1. Reflexive: $\newcommand{\R}{\operatorname{R}} u\R u$ for all $u$. The relation is reflexive because any word is a suffix of itself. (Letting $\lambda$ denote the empty string, $w = \lambda w$.)
2. Symmetric: The relation is not symmetric, which you ought to demonstrate with a counterexample. For example, with $u =$ "at" and $v =$ "cat", $u \R v$. However, $\newcommand{\notR}{\!\not{\!\!\R}} v \notR u$ as "cat" is not a suffix of "at".
3. Transitive: You need to show that if $u \R v$ and $v \R w$ then $u \R w$ for all $u$, $v$, and $w$. Unpackage the definition: $v = xu$ for some $x$ and $w = yv$ for some $y$. Now, $w = y(xu) = (yx)u$, showing that $u \R w$.
4. Asymmetric: The relation is not asymmetric, since $u \R u$.
5. Antisymmetric: You need to show that if $u \R v$ and $v \R u$ then $u = v$. Using the definition of the relation, $v = xu$ for some $x$ and $u = yv$ for some $y$. Thus, $v = x(yv) = (xy)v$, so $xy = \lambda$, which implies that $x = y = \lambda$. (There's no cancellation possible in concatenating strings.)
6. Irreflexive: The relation is reflexive, so it cannot be irreflexive.

Answer 2

Show reflexivity using the empty word. Your proof isn't correct there.

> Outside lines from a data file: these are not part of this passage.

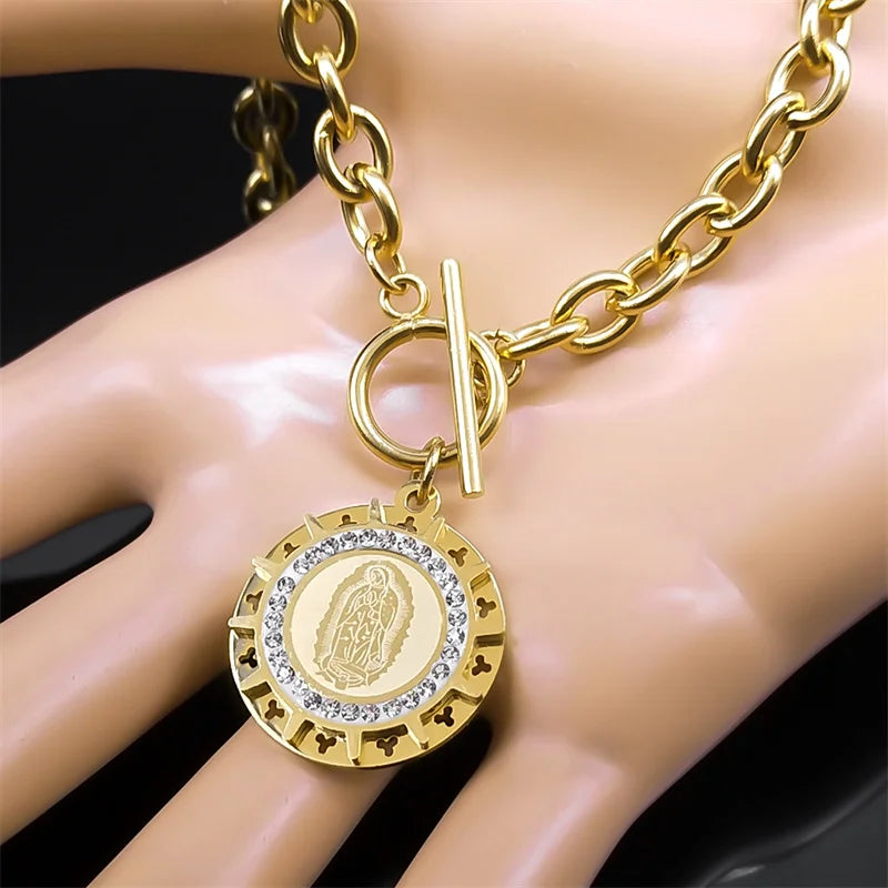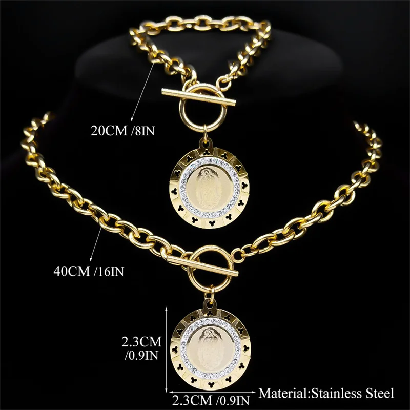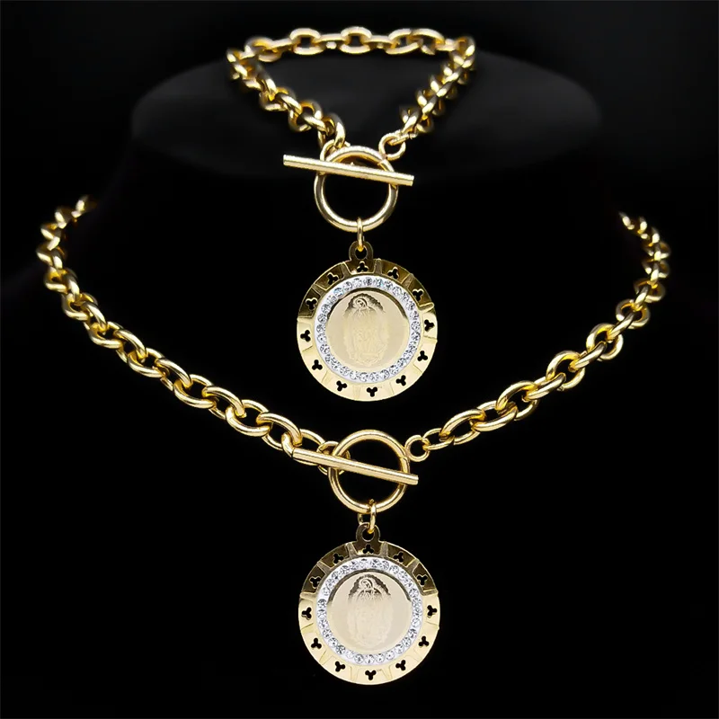 Pulsera con medalla de la Virgen María católica, collar para mujer y hombre, acero inoxidable, cadena gruesa para clavícula, conjunto de joyas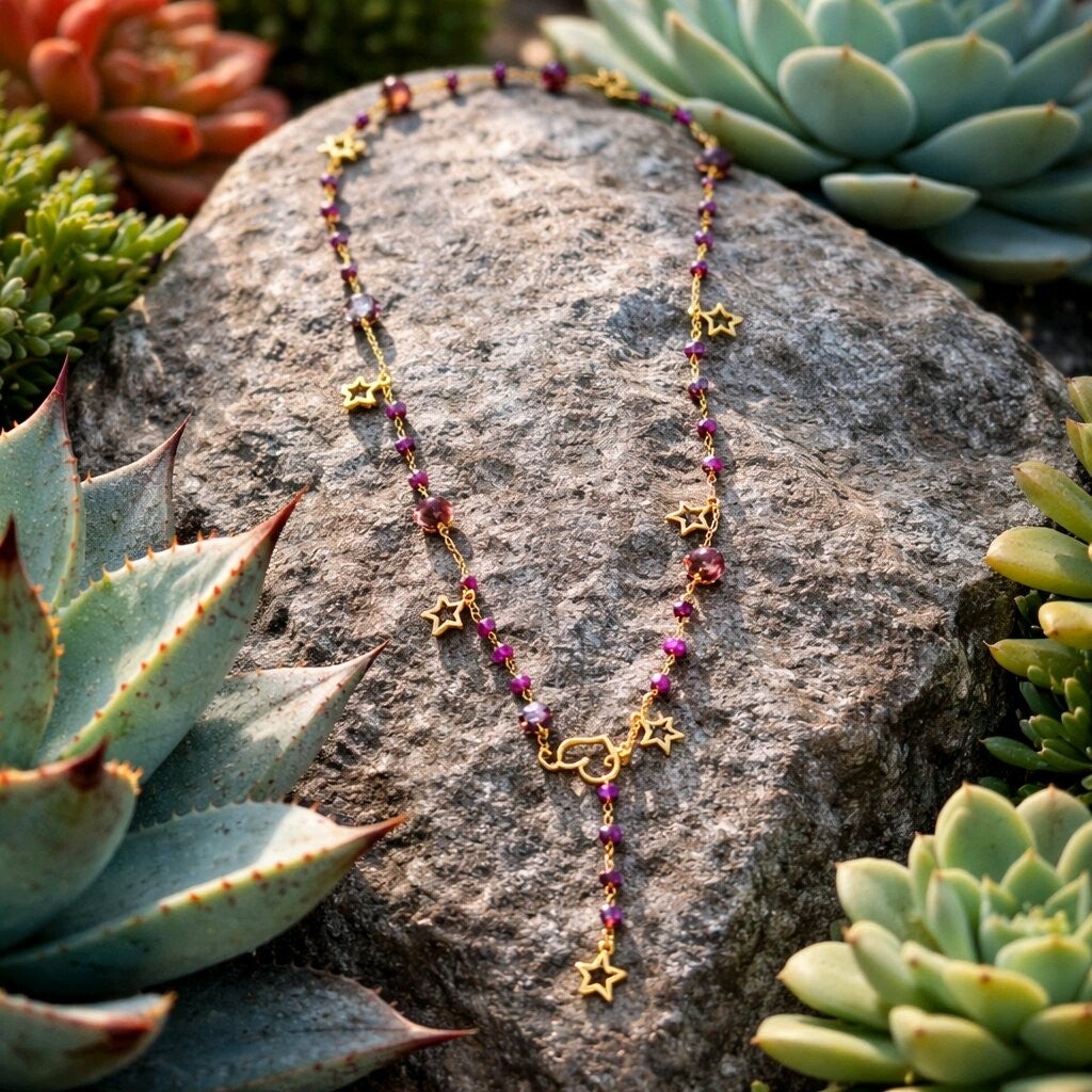 Ce collier fantaisie raffiné est composé de perles violettes aux reflets lumineux, mêlées à de petites étoiles dorées qui apportent une touche de poésie et de magie.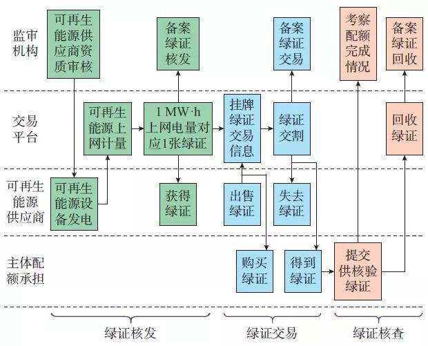 綠證的核發(fā)環(huán)節(jié)與可再生能源發(fā)電電量綁定??稍偕茉磁漕~是綠證市場的流通動力,而綠證則是配額核算的重要依據(jù)。交易過程中,可再生能源發(fā)電商通過出售綠證獲得補貼,履責(zé)主體通過購買綠證完成消納指標。綠證流通不受任何物理約束影響,無需集中出清,應(yīng)由其所有者決定具體的交易對象和交易價格。綠證交易天然是去中心化和分布式的,采用雙邊交易機制。而核查是綠證兌付配額制檢查并退出市場的階段。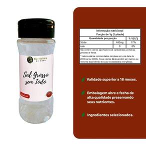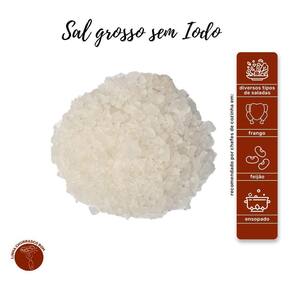O Sal Grosso Sem Iodo é o tradicional dos churrascos. Seus cristais grandes preservam as propriedades dos alimentos e evitam o ressecamento. Por não ser purificado como o refinado, possui mais cálcio, magnésio, potássio e selênio. É obtido através da evaporação da água do mar, porém não passa pelo processo de refinamento. O sal grosso é composto essencialmente por sódio.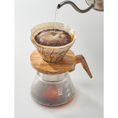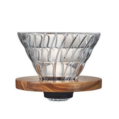 V60耐熱ガラス透過ドリッパーにオリーブウッドホルダーを組み合わせたドリッパー。ナチュラルな雰囲気をお愉しみください。1〜4杯用。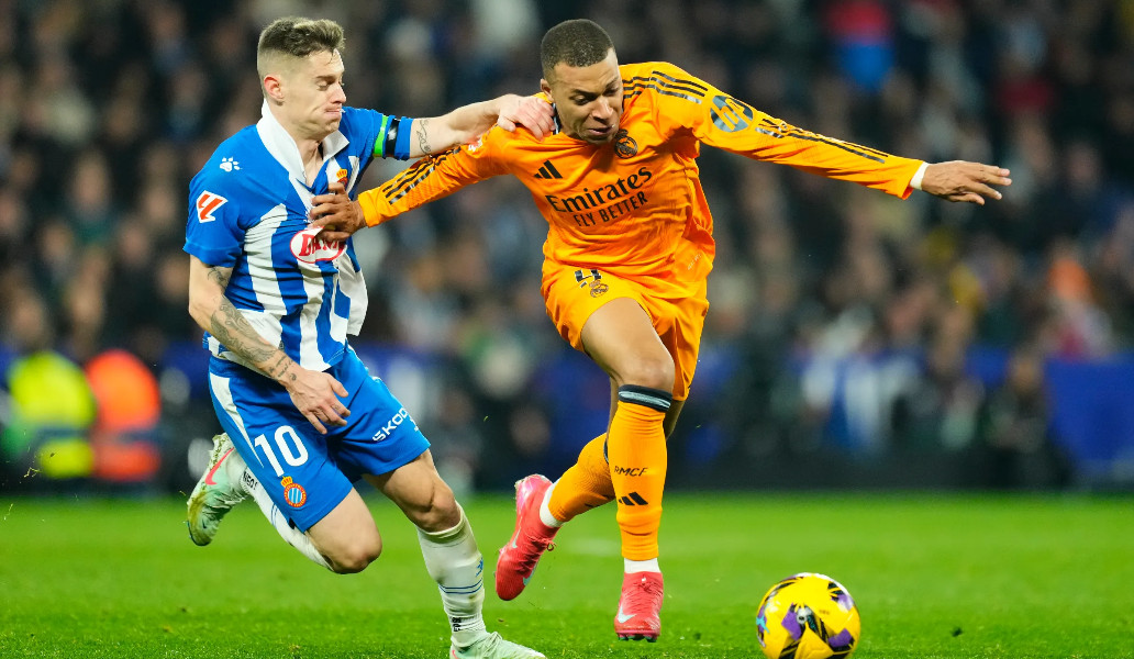 Кильян Мбаппе – лучший бомбардир «Реала» в сезоне, однако в феврале он не помог мадридцам спастись от поражения в игре с «Эспаньолом» – 0:1. Фото: Jose Breton / Pics Action / NurPhoto via Getty Images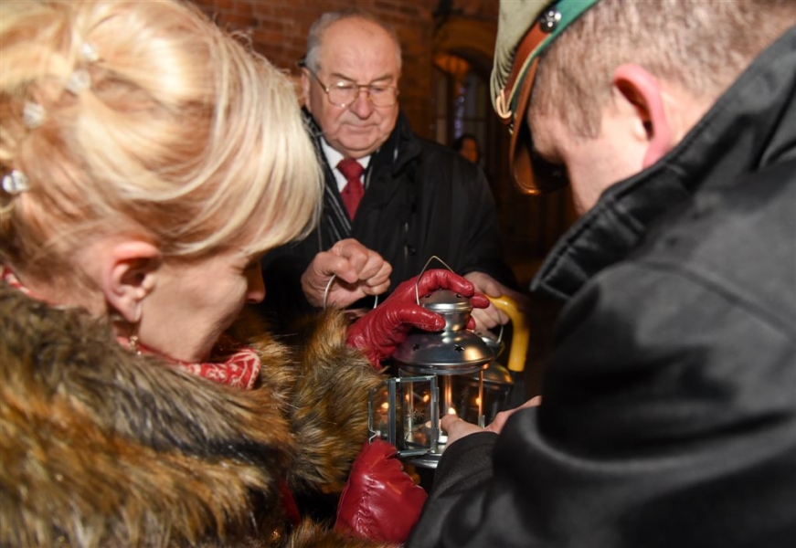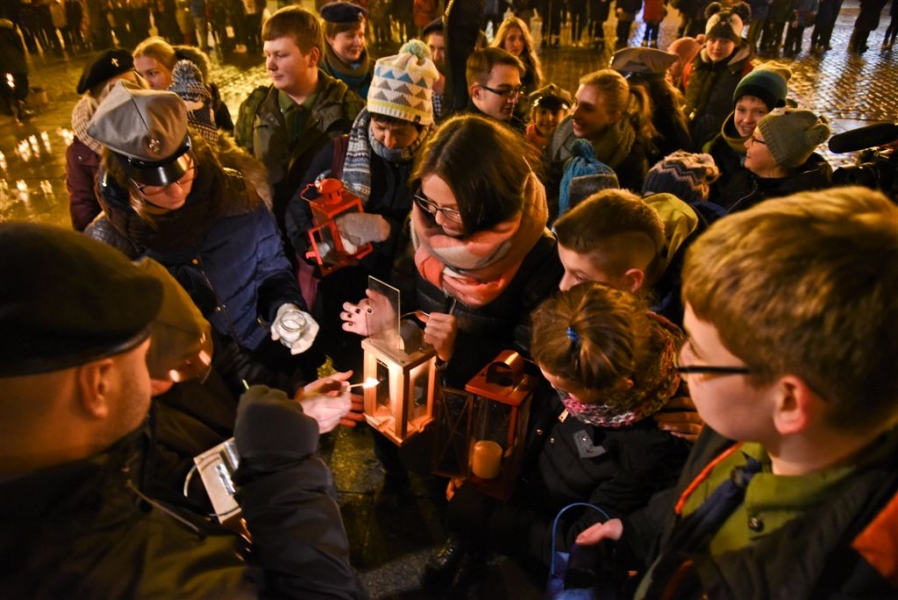 Do Torunia dotarło Betlejemskie Światło Pokoju. 16 grudnia 2015 r. harcerze przekazali je mieszkańcom. Uroczystość przekazania symbolicznego ognia, który do Torunia wędrował przez całą Europę z groty w Betlejem, odbyła się na Rynku Staromiejskim. Dzięki harcerskiej tradycji co roku Betlejemskie Światło trafia do wielu toruńskich domów, instytucji publicznych, szpitali i domów opieki, niosąc w świat wigilijne przesłanie pokoju i nadziei. Fot. Lech Kamiński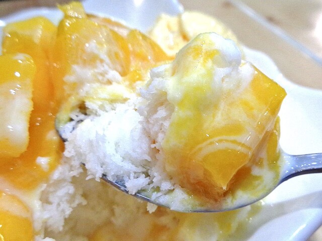 軽いシャリ感のある雪花冰や,マンゴーアイス,ミルクプリンは,マンゴーと好相性でした.全体をザックリ混ぜて食べると,いっそう旨いですね.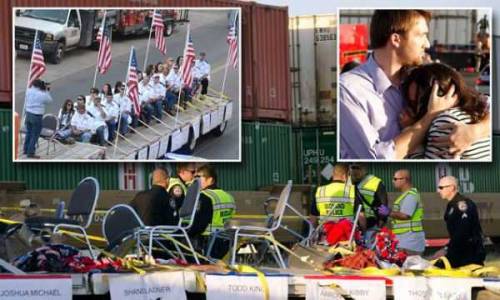Фото: dailymail.co.uk В США парад в честь ветеранов закончился трагедией: в автоплатформу, на которой находилось 24 участника торжественной церемонии, врезался скоростной поезд. В результате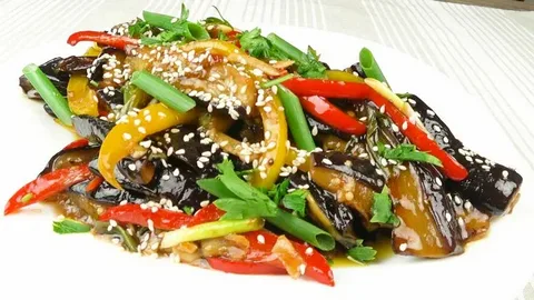 Баклажаны жареные, помидор, перец болгарский, фасоль стручковая, соус кисло-сладкий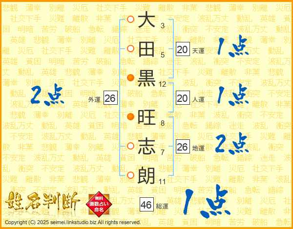 大田黒旺志朗さんの総運は46画の1点!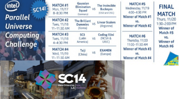 Intel announced today the competition schedule and the final selection of teams who will participate in the second annual Intel Parallel Universe Computing Challenge (PUCC) at SC14 in New Orleans, November 17-20. Each team will play for a charitable organization to whom Intel will donate $26,000 in recognition of the 26th anniversary of the Supercomputing conference. The 2014 … [Read more...]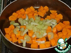 Добавить сельдерей, влить примерно 0,5 стакана воды или бульона.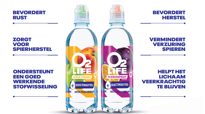 Met het succes van O2Life en O2Life Blue breidt O2Life zijn assortiment uit met een nieuwe functionele lijn: O2Life Electrolytes. Verkrijgbaar in de frisse smaken Apple Peach en Passionfruit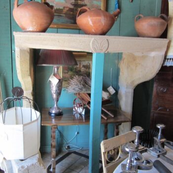 limestone fireplace mantel (fireplace) surround in the style of Louis XVI with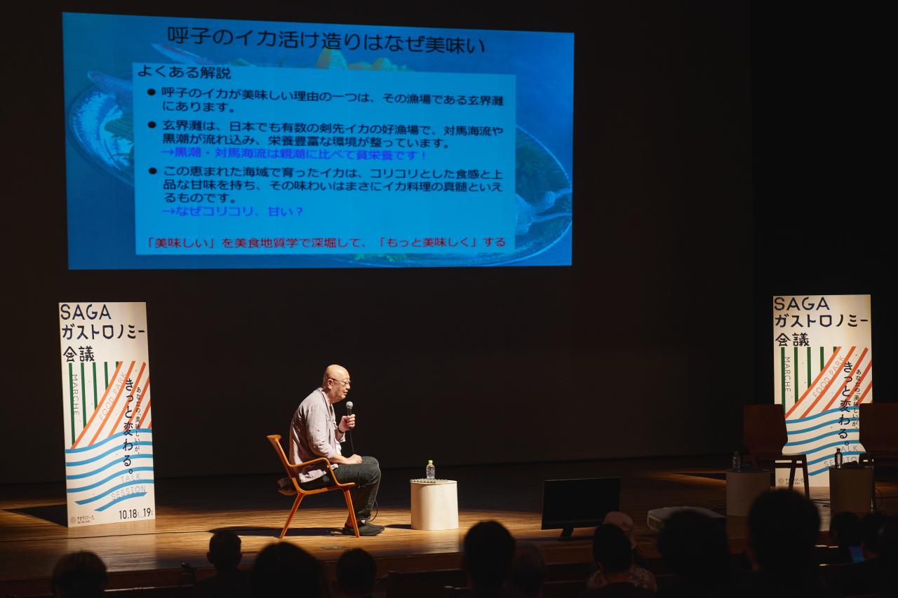 目玉は「TALK SESSION」。その口火を切ったのは、「マグマ学」を専門とする地球科学者・巽好幸氏による「【地質学】美食地質学が紐解く、佐賀の食」です。同氏は、マグマやプレートなど地球のダイナミックな動きと地域の食文化との関係を解き明かす美食地質学の創始者。地形や地質が農業や産物、調味料、調理法へもたらした影響について科学的根拠を示し、なぜその食材がおいしいのか? なぜその食材が地域で好まれているのか? といった素朴な疑問に答えていきます。

For symmetry, specify that if $w$ is non-empty, then $u\:R\:wu$ but it is not the case that $wu\:R\:u$.

Your example for transitivity is good, but you want a more general argument. If $u\:R\:v$ and $v\:R\:w$, then there exist words $w_1,w_2$ such that $v=w_1u$ and $w=w_2v$. Now, $w_2w_1$ is a word, and $w=w_2w_1u$, so $u\:R\:w$.

A (non-empty) reflexive relation cannot be asymmetric, nor can it be irreflexive. (Why?) This should suggest how to show that $R$ is not asymmetric or irreflexive.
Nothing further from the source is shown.